### [EXERCISE DETAILS]
What must be handed in is the entire listing, exactly as written, with no pictures.

### [DATA SUPPLIED]
# # # # #
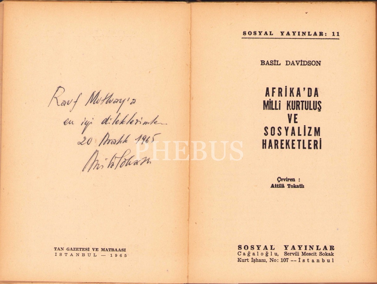 Afrika'da Millî Kurtuluş ve Sosyalizm Hareketleri, Basil Davidson, çev. Attilâ Tokatlı, çevirmeninden ithaf ve imzalı, Sosyal Yayınlar, İstanbul 1965, 157 s., 14x20 cm, kapak kenarları yıpranmış haliyle
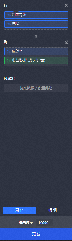 查询的数据总量是10000,维度值放在列中,会对这10000条数据进行行列混布,每一个指标最多能在10000个单元格里出现。
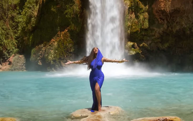 Φορώντας ένα εντυπωσιακό μωβ φόρεμα η Μπιγιονσέ εμφανίζεται στο βίντεο μπροστά από τους επιβλητικούς καταρράκτες Havasu Fall στην Αριζόνα με το νερό να τρέχει ορμητικά πίσω της.
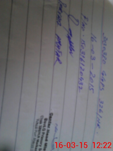 | Monitoring Date: 16-03-2015 | Start Time: 16-03-2015 12:03 PM | End Time: 16-03-2015 12:22 PM | Name of MEA: Pe**** Ak**** BN**** 12 | |
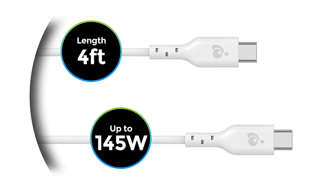 The GearPower 145W Multiport Charger comes with a USB-C to C 4ft cable, so you can start charging your devices right away. This cable is also compatible with a wide range of devices, including laptops, tablets, and smartphones.
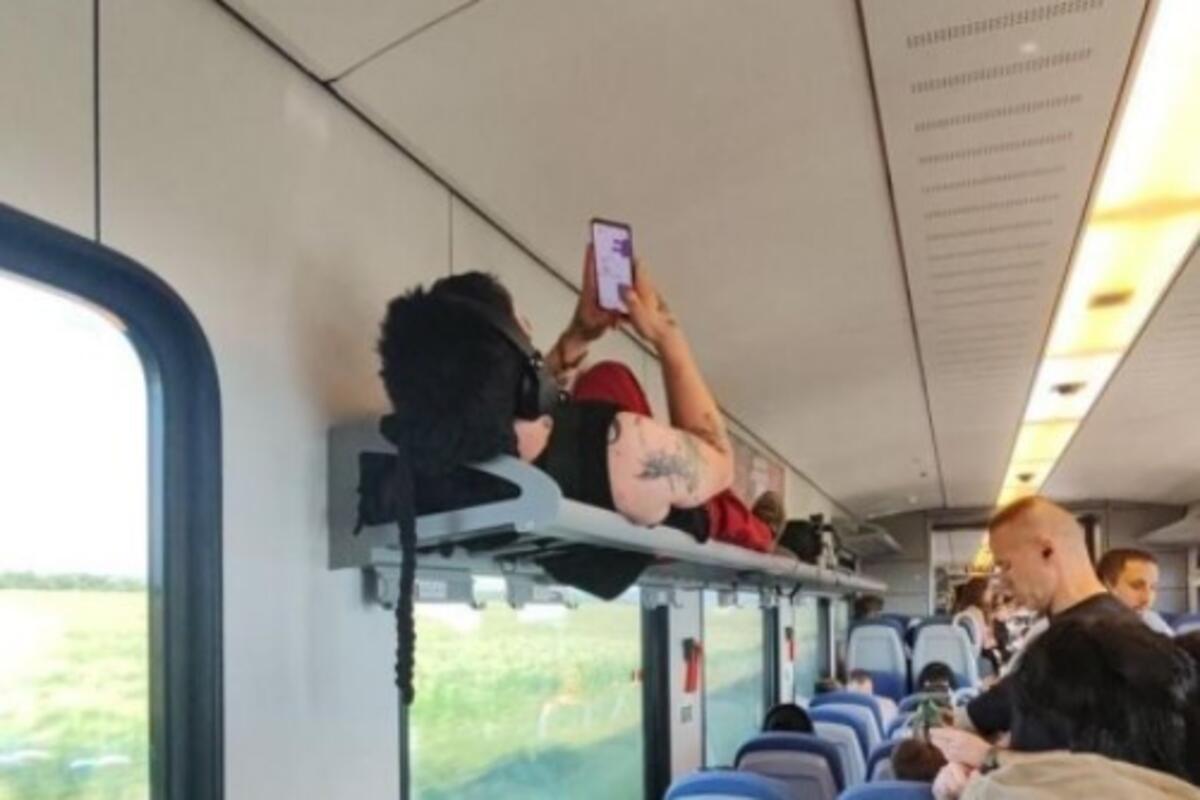 Naime, na Instagram stranici SerbiaLive Beograd vidi se kako mladić leži u delu za prtljag, iznad sedišta u vozu.
# # # # #
### [ANSWER BELOW]
 Afrika'da Millî Kurtuluş ve Sosyalizm Hareketleri, Basil Davidson, çev. Attilâ Tokatlı, çevirmeninden ithaf ve imzalı, Sosyal Yayınlar, İstanbul 1965, 157 s., 14x20 cm, kapak kenarları yıpranmış haliyle
 查询的数据总量是10000,维度值放在列中,会对这10000条数据进行行列混布,每一个指标最多能在10000个单元格里出现。
 Φορώντας ένα εντυπωσιακό μωβ φόρεμα η Μπιγιονσέ εμφανίζεται στο βίντεο μπροστά από τους επιβλητικούς καταρράκτες Havasu Fall στην Αριζόνα με το νερό να τρέχει ορμητικά πίσω της.
 | Monitoring Date: 16-03-2015 | Start Time: 16-03-2015 12:03 PM | End Time: 16-03-2015 12:22 PM | Name of MEA: Pe**** Ak**** BN**** 12 | |
 The GearPower 145W Multiport Charger comes with a USB-C to C 4ft cable, so you can start charging your devices right away. This cable is also compatible with a wide range of devices, including laptops, tablets, and smartphones.
 Naime, na Instagram stranici SerbiaLive Beograd vidi se kako mladić leži u delu za prtljag, iznad sedišta u vozu.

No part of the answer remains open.